= Available data =
◆ ◆ ◆ ◆ ◆ ◆ ◆

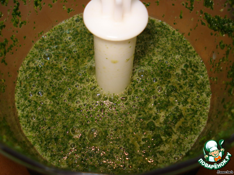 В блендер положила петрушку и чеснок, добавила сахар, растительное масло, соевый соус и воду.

◆ ◆ ◆ ◆ ◆ ◆ ◆

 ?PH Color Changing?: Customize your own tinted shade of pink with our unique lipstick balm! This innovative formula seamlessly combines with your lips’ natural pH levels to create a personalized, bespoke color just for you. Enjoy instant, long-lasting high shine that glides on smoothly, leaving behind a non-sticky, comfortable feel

◆ ◆ ◆ ◆ ◆ ◆ ◆

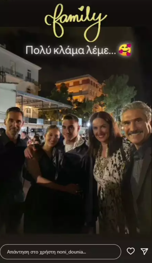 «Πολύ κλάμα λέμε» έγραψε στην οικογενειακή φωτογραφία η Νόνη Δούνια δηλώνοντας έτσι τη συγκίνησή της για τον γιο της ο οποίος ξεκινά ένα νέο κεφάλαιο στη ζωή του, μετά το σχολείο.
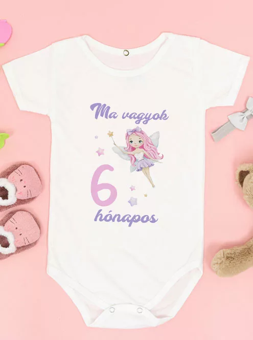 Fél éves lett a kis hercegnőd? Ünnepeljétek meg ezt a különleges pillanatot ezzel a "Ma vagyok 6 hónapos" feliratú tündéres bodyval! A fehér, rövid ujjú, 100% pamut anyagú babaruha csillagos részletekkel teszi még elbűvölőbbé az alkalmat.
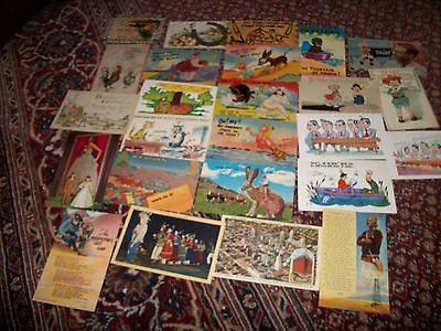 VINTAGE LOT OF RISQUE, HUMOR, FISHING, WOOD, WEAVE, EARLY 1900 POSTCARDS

◆ ◆ ◆ ◆ ◆ ◆ ◆

Starting at the line that contains "Fél éves lett" and ending at the line that contains "VINTAGE LOT OF", transcribe the material above exactly, excluding pictures.

 Fél éves lett a kis hercegnőd? Ünnepeljétek meg ezt a különleges pillanatot ezzel a "Ma vagyok 6 hónapos" feliratú tündéres bodyval! A fehér, rövid ujjú, 100% pamut anyagú babaruha csillagos részletekkel teszi még elbűvölőbbé az alkalmat.
 VINTAGE LOT OF RISQUE, HUMOR, FISHING, WOOD, WEAVE, EARLY 1900 POSTCARDS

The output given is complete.